I felt an immediate connection with Barbara’s illness. Despite the best efforts and expertise of NHS staff, my own father died from an aggressive brain tumour in 2006, and I shared many conversations with him about his experience. I knew my dad would have been interested in the pioneering work done by Macewen and how that accumulation of knowledge and techniques impacted our own family over a century later.
I studied Barbara’s photograph and wanted to know more about this young woman, so I delved into other archives in search of her and found information in various places.

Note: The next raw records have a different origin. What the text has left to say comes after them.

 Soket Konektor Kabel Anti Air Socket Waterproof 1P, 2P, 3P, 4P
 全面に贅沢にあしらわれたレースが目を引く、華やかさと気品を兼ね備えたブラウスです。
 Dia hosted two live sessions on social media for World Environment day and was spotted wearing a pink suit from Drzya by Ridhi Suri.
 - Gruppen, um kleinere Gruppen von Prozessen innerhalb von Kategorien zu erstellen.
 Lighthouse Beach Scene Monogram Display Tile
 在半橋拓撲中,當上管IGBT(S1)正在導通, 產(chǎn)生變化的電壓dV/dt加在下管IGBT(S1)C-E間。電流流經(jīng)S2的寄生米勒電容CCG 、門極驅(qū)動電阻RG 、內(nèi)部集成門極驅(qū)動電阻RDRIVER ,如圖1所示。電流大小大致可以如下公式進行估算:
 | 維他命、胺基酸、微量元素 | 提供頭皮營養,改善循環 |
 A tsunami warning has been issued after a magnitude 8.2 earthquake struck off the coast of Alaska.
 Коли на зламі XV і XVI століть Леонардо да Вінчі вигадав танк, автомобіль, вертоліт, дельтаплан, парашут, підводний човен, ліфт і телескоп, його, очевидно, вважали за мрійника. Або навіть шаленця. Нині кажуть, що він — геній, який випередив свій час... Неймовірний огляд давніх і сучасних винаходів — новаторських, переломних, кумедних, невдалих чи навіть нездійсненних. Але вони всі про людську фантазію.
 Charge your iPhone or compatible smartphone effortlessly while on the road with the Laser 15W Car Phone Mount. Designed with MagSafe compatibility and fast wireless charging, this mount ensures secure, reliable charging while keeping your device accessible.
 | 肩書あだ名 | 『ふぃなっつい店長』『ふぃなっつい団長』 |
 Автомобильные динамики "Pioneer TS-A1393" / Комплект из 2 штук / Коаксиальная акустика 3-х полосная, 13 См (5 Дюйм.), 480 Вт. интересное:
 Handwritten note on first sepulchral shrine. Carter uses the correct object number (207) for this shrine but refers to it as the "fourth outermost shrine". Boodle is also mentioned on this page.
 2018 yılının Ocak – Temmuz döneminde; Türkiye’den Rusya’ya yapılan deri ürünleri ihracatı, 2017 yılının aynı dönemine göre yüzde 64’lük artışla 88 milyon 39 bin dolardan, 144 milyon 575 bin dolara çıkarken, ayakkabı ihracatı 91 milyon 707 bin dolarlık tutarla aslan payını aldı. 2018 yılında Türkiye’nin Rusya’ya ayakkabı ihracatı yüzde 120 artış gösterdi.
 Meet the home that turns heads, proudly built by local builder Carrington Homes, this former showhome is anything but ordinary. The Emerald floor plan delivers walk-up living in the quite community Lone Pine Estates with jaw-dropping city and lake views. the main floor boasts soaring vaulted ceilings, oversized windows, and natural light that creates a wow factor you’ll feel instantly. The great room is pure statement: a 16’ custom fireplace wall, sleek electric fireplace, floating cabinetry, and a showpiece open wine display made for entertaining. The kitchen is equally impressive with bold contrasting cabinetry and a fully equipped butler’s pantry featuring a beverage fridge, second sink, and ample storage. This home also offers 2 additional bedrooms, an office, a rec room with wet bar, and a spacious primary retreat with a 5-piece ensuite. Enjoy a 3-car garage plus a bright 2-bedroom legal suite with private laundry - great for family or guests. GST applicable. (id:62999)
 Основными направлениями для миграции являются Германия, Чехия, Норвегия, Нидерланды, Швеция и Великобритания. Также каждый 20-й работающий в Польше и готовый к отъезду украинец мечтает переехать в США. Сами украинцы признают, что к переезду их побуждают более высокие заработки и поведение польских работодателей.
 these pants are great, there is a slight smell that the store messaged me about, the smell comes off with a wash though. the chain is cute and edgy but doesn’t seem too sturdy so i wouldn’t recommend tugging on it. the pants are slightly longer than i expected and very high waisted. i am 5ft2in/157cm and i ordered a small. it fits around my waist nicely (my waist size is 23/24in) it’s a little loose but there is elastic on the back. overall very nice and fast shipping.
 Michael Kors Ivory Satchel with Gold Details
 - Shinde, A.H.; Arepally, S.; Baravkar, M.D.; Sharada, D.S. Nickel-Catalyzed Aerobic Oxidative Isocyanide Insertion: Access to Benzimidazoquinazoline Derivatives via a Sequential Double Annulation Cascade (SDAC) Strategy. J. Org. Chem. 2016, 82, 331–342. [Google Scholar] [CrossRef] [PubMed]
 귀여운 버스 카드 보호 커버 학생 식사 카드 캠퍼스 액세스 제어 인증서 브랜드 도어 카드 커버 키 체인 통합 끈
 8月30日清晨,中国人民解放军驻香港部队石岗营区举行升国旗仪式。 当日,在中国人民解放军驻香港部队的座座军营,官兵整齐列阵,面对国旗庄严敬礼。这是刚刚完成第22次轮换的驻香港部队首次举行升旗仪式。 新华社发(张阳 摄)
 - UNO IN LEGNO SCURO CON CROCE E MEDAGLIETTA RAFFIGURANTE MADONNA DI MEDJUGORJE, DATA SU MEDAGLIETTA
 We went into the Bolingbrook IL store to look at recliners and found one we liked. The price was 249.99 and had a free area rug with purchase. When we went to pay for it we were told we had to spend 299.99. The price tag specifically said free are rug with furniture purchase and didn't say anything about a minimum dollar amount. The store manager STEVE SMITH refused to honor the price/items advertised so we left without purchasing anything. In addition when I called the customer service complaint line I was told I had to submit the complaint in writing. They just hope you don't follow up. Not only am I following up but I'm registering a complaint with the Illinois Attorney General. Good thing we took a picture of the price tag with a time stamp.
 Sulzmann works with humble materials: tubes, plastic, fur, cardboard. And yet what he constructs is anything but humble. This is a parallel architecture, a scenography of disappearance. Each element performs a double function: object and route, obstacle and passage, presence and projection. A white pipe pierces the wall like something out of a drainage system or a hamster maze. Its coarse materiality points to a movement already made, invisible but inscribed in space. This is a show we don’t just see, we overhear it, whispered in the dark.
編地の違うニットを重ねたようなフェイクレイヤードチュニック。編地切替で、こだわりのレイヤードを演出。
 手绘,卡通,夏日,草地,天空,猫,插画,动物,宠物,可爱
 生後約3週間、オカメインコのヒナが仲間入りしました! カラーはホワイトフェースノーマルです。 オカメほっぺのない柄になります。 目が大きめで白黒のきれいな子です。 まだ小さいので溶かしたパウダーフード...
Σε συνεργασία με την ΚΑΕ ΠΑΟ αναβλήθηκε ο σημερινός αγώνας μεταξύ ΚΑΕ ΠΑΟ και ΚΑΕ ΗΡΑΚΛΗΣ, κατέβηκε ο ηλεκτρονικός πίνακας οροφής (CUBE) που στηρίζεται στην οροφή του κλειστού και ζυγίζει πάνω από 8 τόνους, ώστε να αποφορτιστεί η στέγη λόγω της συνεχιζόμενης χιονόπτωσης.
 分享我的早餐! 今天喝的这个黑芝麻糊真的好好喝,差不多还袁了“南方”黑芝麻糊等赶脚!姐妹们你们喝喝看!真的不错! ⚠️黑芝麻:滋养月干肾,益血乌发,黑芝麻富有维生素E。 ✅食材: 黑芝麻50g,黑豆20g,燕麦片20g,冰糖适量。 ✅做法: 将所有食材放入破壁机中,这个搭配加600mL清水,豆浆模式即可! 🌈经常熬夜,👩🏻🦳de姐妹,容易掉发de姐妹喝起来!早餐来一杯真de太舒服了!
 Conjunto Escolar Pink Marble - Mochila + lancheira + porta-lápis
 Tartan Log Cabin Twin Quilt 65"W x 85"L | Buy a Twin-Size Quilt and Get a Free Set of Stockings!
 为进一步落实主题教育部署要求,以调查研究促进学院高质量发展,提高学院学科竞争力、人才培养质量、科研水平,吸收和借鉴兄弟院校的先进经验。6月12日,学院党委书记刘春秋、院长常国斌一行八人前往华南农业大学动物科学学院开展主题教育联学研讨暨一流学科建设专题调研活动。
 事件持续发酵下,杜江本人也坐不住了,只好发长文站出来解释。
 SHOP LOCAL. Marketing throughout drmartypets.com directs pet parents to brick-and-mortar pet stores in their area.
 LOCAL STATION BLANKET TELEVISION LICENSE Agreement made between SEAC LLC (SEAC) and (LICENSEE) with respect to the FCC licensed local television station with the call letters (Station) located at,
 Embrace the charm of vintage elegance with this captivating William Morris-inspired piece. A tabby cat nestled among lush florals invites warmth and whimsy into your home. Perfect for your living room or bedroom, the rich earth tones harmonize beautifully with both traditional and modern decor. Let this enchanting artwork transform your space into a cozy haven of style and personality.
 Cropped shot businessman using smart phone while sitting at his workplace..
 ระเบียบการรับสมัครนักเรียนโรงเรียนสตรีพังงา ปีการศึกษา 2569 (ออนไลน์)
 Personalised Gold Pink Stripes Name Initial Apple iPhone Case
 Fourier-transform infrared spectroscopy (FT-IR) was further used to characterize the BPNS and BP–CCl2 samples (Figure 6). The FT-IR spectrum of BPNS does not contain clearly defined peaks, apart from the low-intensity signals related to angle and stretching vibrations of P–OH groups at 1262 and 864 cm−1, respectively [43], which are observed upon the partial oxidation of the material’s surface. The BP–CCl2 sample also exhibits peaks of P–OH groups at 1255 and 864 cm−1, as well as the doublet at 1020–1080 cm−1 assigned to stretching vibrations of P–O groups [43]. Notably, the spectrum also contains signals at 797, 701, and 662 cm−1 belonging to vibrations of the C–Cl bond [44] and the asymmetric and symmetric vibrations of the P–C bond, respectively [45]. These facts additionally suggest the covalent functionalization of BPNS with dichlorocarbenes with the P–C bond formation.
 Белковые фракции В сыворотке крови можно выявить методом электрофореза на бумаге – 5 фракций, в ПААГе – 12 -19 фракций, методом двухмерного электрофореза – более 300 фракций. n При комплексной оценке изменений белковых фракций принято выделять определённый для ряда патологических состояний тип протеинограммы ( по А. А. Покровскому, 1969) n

The National Records of Scotland had her birth and death certificates, as well as the census returns on which she’s listed. Digitised maps, available online from the National Library of Scotland, let me see where she came from and understand how Lennoxtown had changed since Barbara lived there. I’m thankful to Janice Miller, Archivist at East Dunbartonshire Leisure & Culture, who trawled through local records on my behalf to find information about the Watson family’s lives and circumstances. In comparison to William Macewen, these people left only a few traces.
In the liminal spaces afforded by official documents, I caught glimpses of Barbara; on good days, it felt like the beginning of a conversation.